La nostra difficoltà e i nostri rischi derivano dal fatto che la popolazione libanese deve restare convinta che conviene non usare le armi e che per costruire materialmente il confine tra i due Paesi si devono sminare più di un centinaio di km di campo minato antiuomo costruito da Israele a protezione da possibili attacchi.
Noi dobbiamo sminare i campi minati. A rischiare la vita, i nostri ragazzi più giovani, sui vent’anni.



Insomma, il nostro target è cresciuto orizzontalmente e siamo riusciti dare spazio alle Miss di Sonia Leonardi e ai volontari del Soccorso alpino, ai cultori di storia e ai soldati che vivono a contatto con la morte, agli economisti e agli scrittori, ai volontari e ai fotografi.
Ma dato che la nostra attività non conosce sosta, siamo andati anche a visitare le missioni sostenute dai Trentini in Kenia, che sono una piccola parte ma ugualmente significative.
Una legge della Provincia autonoma di Trento stabilisce che lo 0,12% del bilancio provinciale venga devoluto a beneficienza in paesi extracomunitari. E poiché la Giunta concede contributi solo alle associazioni che sono disposte a metterne altrettanti, il Trentino dà in beneficienza qualcosa come 25 milioni di euro.
Una cifra davvero considerevole, che ci pone ai vertici delle società che aiutano le comunità bisognose di aiuto.
Tali aiuti vengono dati per iniziative che vanno dall’Europa extracomunitaria al Sudamerica, dall’Africa nera all’Africa mediterranea, dal medio all’Estremo Oriente.
Noi siamo andati in Kenia per toccare con mano la sofferenza vera, autentica, e quello che le nostre associazioni fanno per alleviarla.
Siamo stati all’ospedale di Tabaka, che è diretto da un chirurgo Trentino, Padre Francesco Avi.
Abbiamo passato due giorni nella comunità di St Martin, dove il recupero esiste.
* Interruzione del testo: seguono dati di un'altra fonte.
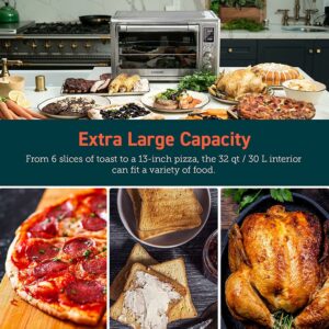 32QT Large Capacity: Cook for 5-7 people with the 32-quart/30-litre air fryer toaster oven, which can fit a 13-inch pizza, 6 slices of bread, or an entire rotisserie chicken

Dove c’è speranza per tutti. E non solo speranza.
Siamo stati nelle comunità dove la nostra missione è quella di portare la pacificazione.
Siamo stati nelle comunità agricole, dove la nostra missione consiste nell’insegnare a coltivare e a vendere i loro prodotti.
Siamo stati negli orfanotrofi, dove i nostri Nonesi, leggendariamente avari, mantengono centinaia di ragazzi senza famiglia.
Siamo stati nelle bidonville di Nairobi, dove l’unico posto vivibile è la nostra scuola per bambini.
Siamo tornati dal Kenia con tutt’altra visione della vita…

Tutto questo non lo abbiamo detto per vantarci, non è nel nostro costume.
Noi con questo servizio abbiamo voluto solo per far conoscere ai nostri lettori di oggi che cosa abbiamo fatto in passato.
Non è niente di particolare, sia ben chiaro. Ma possiamo dire che c’eravamo. E che ci saremo ancora.